> [About this task]
Without including the pictures, copy out every line below.

> [Data block]

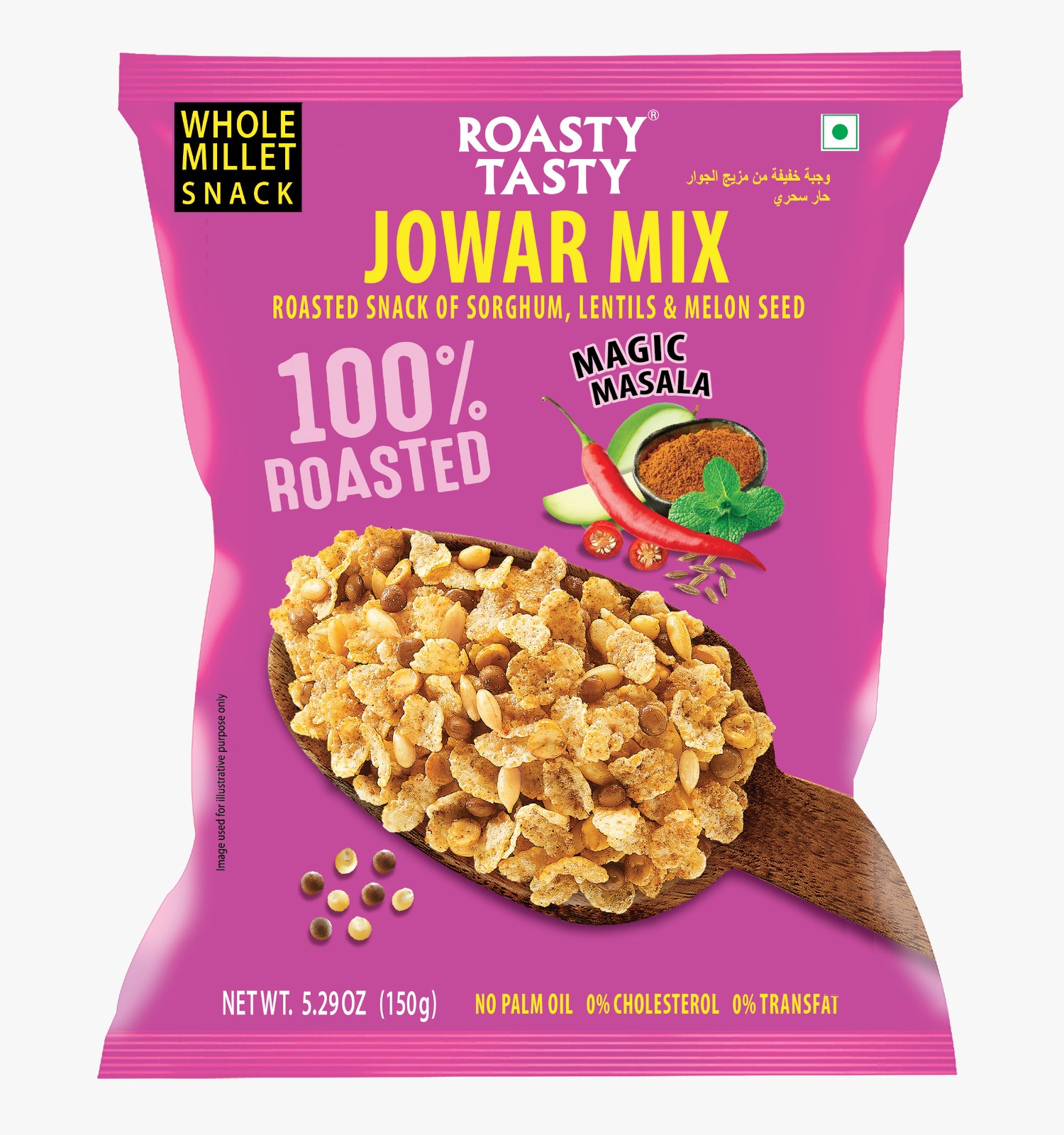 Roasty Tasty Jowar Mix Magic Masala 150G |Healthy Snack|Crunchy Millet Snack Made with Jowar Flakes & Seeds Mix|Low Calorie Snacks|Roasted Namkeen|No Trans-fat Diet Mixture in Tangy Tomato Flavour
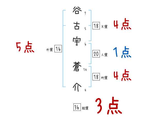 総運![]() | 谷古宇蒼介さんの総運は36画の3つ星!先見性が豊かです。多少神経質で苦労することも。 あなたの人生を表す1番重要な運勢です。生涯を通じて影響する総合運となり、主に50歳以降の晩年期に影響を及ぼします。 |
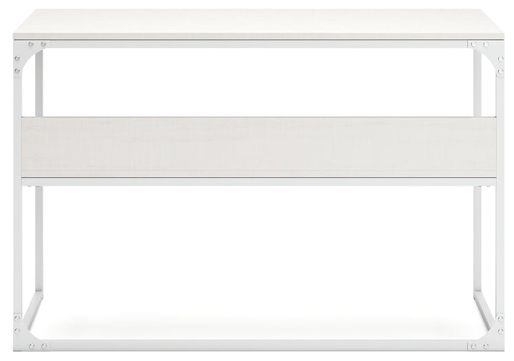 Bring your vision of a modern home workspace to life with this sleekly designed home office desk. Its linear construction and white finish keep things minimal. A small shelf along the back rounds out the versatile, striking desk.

> [Solved exercise]
 Roasty Tasty Jowar Mix Magic Masala 150G |Healthy Snack|Crunchy Millet Snack Made with Jowar Flakes & Seeds Mix|Low Calorie Snacks|Roasted Namkeen|No Trans-fat Diet Mixture in Tangy Tomato Flavour
 総運![]() | 谷古宇蒼介さんの総運は36画の3つ星!先見性が豊かです。多少神経質で苦労することも。 あなたの人生を表す1番重要な運勢です。生涯を通じて影響する総合運となり、主に50歳以降の晩年期に影響を及ぼします。 |
 Bring your vision of a modern home workspace to life with this sleekly designed home office desk. Its linear construction and white finish keep things minimal. A small shelf along the back rounds out the versatile, striking desk.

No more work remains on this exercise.